### BRIEF
Starting at the line with "Herma No. 10021", copy each line through the last one below exactly as written, without any pictures.

### INFORMATION SHOWN
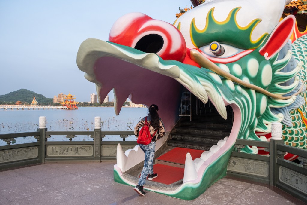 About 8% of Kaohsiung is public parkland, and my favorite park is Lotus Pond, famous for its stunning Buddhist temples. The Dragon and Tiger Pagodas are the most photogenic. Enter through the dragon’s mouth, walk through the ornate interior, and exit through the Tiger’s mouth for good luck. (By the way – it works. I did it repeatedly before the 2020 U.S. elections, and democracy lived another day.)
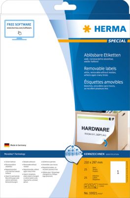Herma No. 10021 fehér színű 210 x 297 mm méretű, univerzálisan nyomtatható, öntapadós etikett címke, visszaszedhető ragasztóval A4-es íven - kiszerelés: 25 címke / 25 ív
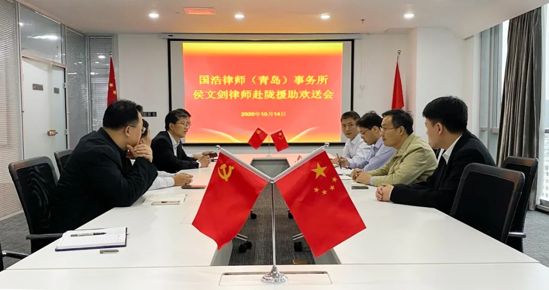 2020年10月14日,國浩青島辦公室為侯文劍律師舉行歡送會。青島市司法局“駐所實訓干部”法律顧問和法律事務處處長張前進應邀出席,國浩青島管理合伙人、主任張日輝,合伙人王朝賢、張國權、周鵬、肖穎、鞠波、彭山嶺等參加。歡送會由國浩青島合伙人、黨支部書記王振寶主持。

### SOLUTION TO THIS PROBLEM
Herma No. 10021 fehér színű 210 x 297 mm méretű, univerzálisan nyomtatható, öntapadós etikett címke, visszaszedhető ragasztóval A4-es íven - kiszerelés: 25 címke / 25 ív
 2020年10月14日,國浩青島辦公室為侯文劍律師舉行歡送會。青島市司法局“駐所實訓干部”法律顧問和法律事務處處長張前進應邀出席,國浩青島管理合伙人、主任張日輝,合伙人王朝賢、張國權、周鵬、肖穎、鞠波、彭山嶺等參加。歡送會由國浩青島合伙人、黨支部書記王振寶主持。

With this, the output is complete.